(Extracted data entries)
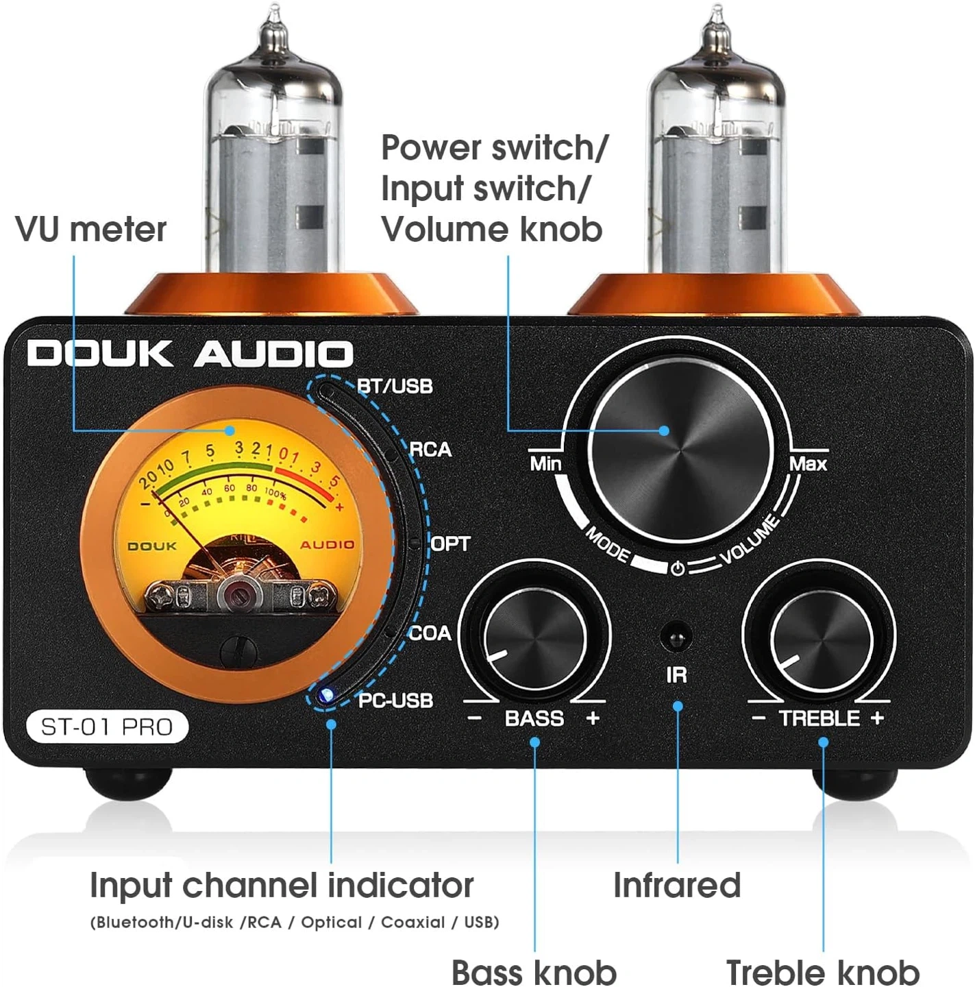 38Looking to enhance your audio experience? This brand new Douk Audio ST-01 PRO amplifier might be just what you need! It features multiple digital audio inputs including Bluetooth 5.0, USB, Coaxial, Optical, and stereo RCA, making it compatible with most audio devices. The amplifier is designed with vacuum tubes to soften the sound and filter out digital feelings, giving you a HiFi clear sound with tone control. It also has treble and bass knobs for adjusting your preferred sound styles
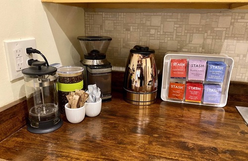 If you are in the mood for something more relaxed, the church around the corner has a beautiful public stone meditation path. Rushton Park, one of the three parks lining Highland Avenue, is just a couple of blocks away. A favorite among locals, it's a wonderful place to enjoy a pretty day. If you are traveling with kids, you will love Rushton Park's gated playground. Or, if you are in for something more active, try the park's basketball or volleyball court. Just outside the park, you will find a few popular local eateries. In the mood for a coffee or pastries, try O'Henry's. Or, stroll next door to Rojo, a popular Mexican restaurant with indoor and outdoor dining. It's dog friendly and regularly features live music and entertainment.
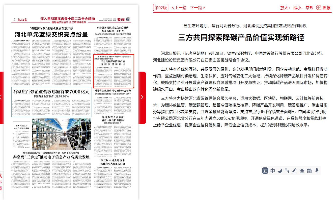 三方将合力搭建河北省碳管理综合服务平台,运用大数据、区块链、物联网、云计算等新兴技术,为碳排放监管、碳配额管理、超基准值碳排放核算、降碳产品开发利用、碳普惠推广、碳金融服务等提供信息化决策支持。共谋金融赋能新举措,支持重点行业环保绩效全面创A,中国建设银行股份有限公司河北省分行在三年内设立500亿元专项规模,开通信贷绿色通道,在贷款额度和贷款利率上给予企业优惠,提高企业信贷便利度,降低企业信贷成本,提升减污降碳协同增效水平。
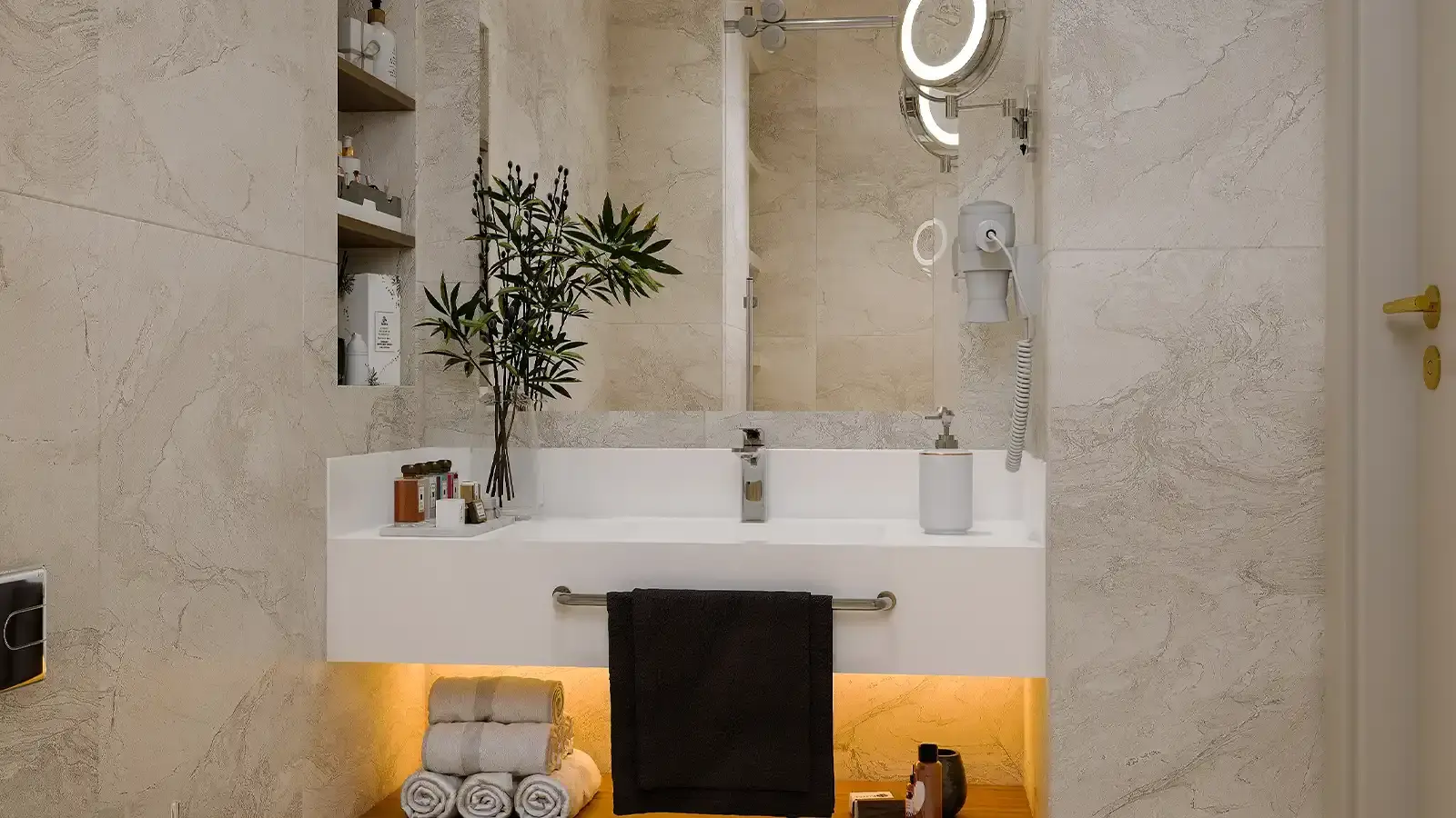 🛁 Luxuriöse Bäder mit eleganten Armaturen & Natursteindetails
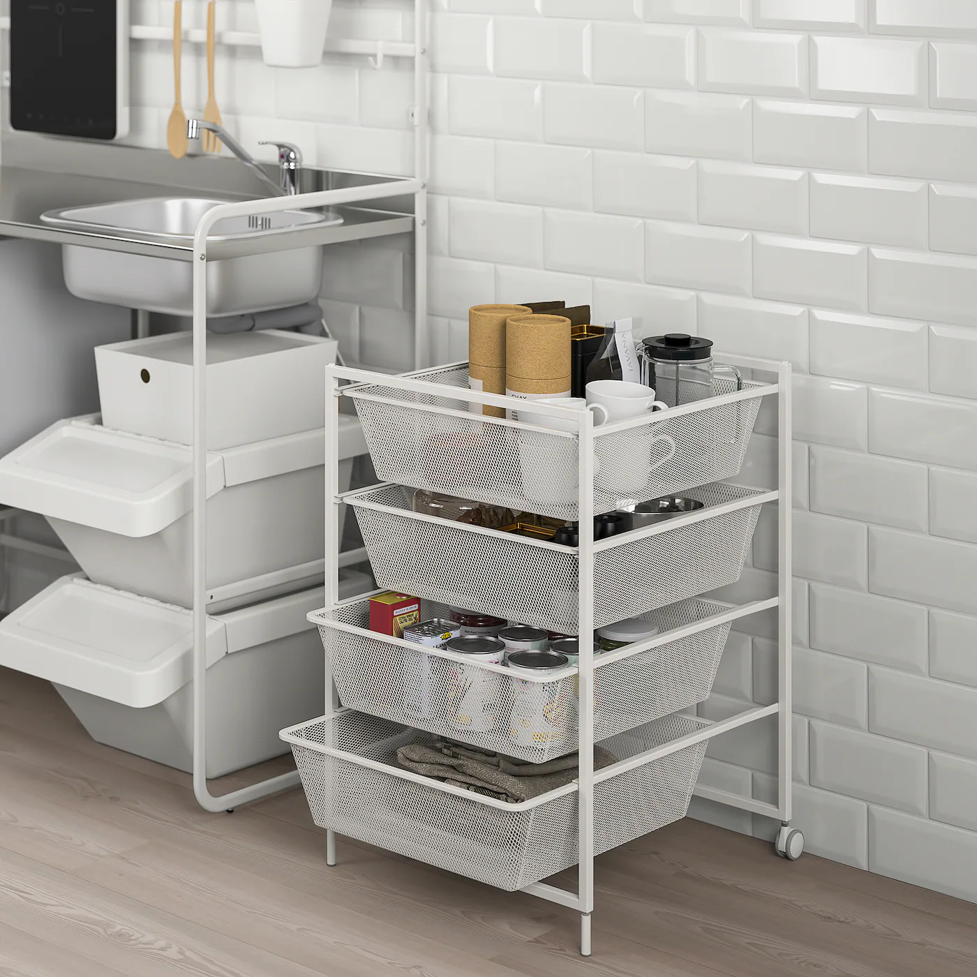 A practical storage combination that helps you keep things organized throughout the home, also in humid areas like bathrooms.

Task brief
Please return the entries above exactly as they appear, but without the pictures.

Exercise solution
 38Looking to enhance your audio experience? This brand new Douk Audio ST-01 PRO amplifier might be just what you need! It features multiple digital audio inputs including Bluetooth 5.0, USB, Coaxial, Optical, and stereo RCA, making it compatible with most audio devices. The amplifier is designed with vacuum tubes to soften the sound and filter out digital feelings, giving you a HiFi clear sound with tone control. It also has treble and bass knobs for adjusting your preferred sound styles
 If you are in the mood for something more relaxed, the church around the corner has a beautiful public stone meditation path. Rushton Park, one of the three parks lining Highland Avenue, is just a couple of blocks away. A favorite among locals, it's a wonderful place to enjoy a pretty day. If you are traveling with kids, you will love Rushton Park's gated playground. Or, if you are in for something more active, try the park's basketball or volleyball court. Just outside the park, you will find a few popular local eateries. In the mood for a coffee or pastries, try O'Henry's. Or, stroll next door to Rojo, a popular Mexican restaurant with indoor and outdoor dining. It's dog friendly and regularly features live music and entertainment.
 三方将合力搭建河北省碳管理综合服务平台,运用大数据、区块链、物联网、云计算等新兴技术,为碳排放监管、碳配额管理、超基准值碳排放核算、降碳产品开发利用、碳普惠推广、碳金融服务等提供信息化决策支持。共谋金融赋能新举措,支持重点行业环保绩效全面创A,中国建设银行股份有限公司河北省分行在三年内设立500亿元专项规模,开通信贷绿色通道,在贷款额度和贷款利率上给予企业优惠,提高企业信贷便利度,降低企业信贷成本,提升减污降碳协同增效水平。
 🛁 Luxuriöse Bäder mit eleganten Armaturen & Natursteindetails
 A practical storage combination that helps you keep things organized throughout the home, also in humid areas like bathrooms.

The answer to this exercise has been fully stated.